Add support for handling PDBs with multiple models #101

a-r-j · 2022-04-27T16:16:40Z

Description

Adds a collection of methods to extract and label models from PDB files containing multiple models.

Related issues or pull requests

#50 #100

Pull Request Checklist

Added a note about the modification or contribution to the ./docs/sources/CHANGELOG.md file (if applicable)
Added appropriate unit test functions in the ./biopandas/*/tests directories (if applicable)
Modify documentation in the corresponding Jupyter Notebook under biopandas/docs/sources/ (if applicable)
Ran PYTHONPATH='.' pytest ./biopandas -sv and make sure that all unit tests pass (for small modifications, it might be sufficient to only run the specific test file, e.g., PYTHONPATH='.' pytest ./biopandas/classifier/tests/test_stacking_cv_classifier.py -sv)
Checked for style issues by running flake8 ./biopandas

pep8speaks · 2022-04-27T16:16:44Z

Hello @a-r-j! Thanks for updating this PR.

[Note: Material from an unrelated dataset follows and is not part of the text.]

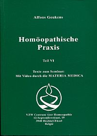 Geukens, Alfons: Homöopathische Praxis. Texte zum Seminar: mit Video durch die Materia Medica [Hauptbd.,] Teil 6. Hechtel-Eksel: VZW Centrum voor Homeopathie 1992. 8°. 435 S., broschiert (Einband mit leichten Gebrauchsspuren; gut erhalten)

In the file biopandas/mol2/pandas_mol2.py:

Line 237:13: W503 line break before binary operator
Line 238:13: W503 line break before binary operator

In the file biopandas/pdb/pandas_pdb.py:

Line 250:13: W503 line break before binary operator
Line 251:13: W503 line break before binary operator
Line 315:22: E701 multiple statements on one line (colon)
Line 315:22: E231 missing whitespace after ':'
Line 315:23: E225 missing whitespace around operator
Line 315:23: E999 SyntaxError: invalid syntax
Line 325:17: W503 line break before binary operator
Line 326:17: W503 line break before binary operator
Line 327:17: W503 line break before binary operator
Line 332:17: W503 line break before binary operator
Line 333:17: W503 line break before binary operator
Line 334:17: W503 line break before binary operator
Line 382:60: E203 whitespace before ':'
Line 627:89: E501 line too long (96 > 88 characters)
Line 654:21: W503 line break before binary operator
Line 669:21: W503 line break before binary operator
Line 683:21: W503 line break before binary operator

Comment last updated at 2022-05-11 23:21:47 UTC

review-notebook-app · 2022-04-28T14:04:48Z

Check out this pull request on

See visual diffs & provide feedback on Jupyter Notebooks.

Powered by ReviewNB

rasbt

Thanks a lot for the PR, looks great!

rasbt · 2022-05-01T14:35:05Z

biopandas/pdb/pandas_pdb.py

@@ -5,23 +5,27 @@
 # License: BSD 3 clause
 # Project Website: http://rasbt.github.io/biopandas/
 # Code Repository: https://github.com/rasbt/biopandas
+from __future__ import annotations


I don't think this is necessary. I think type annotations were introduced in Python 3.6. If someone has an older version of Python, they won't be able to run it anyways because of the f-strings?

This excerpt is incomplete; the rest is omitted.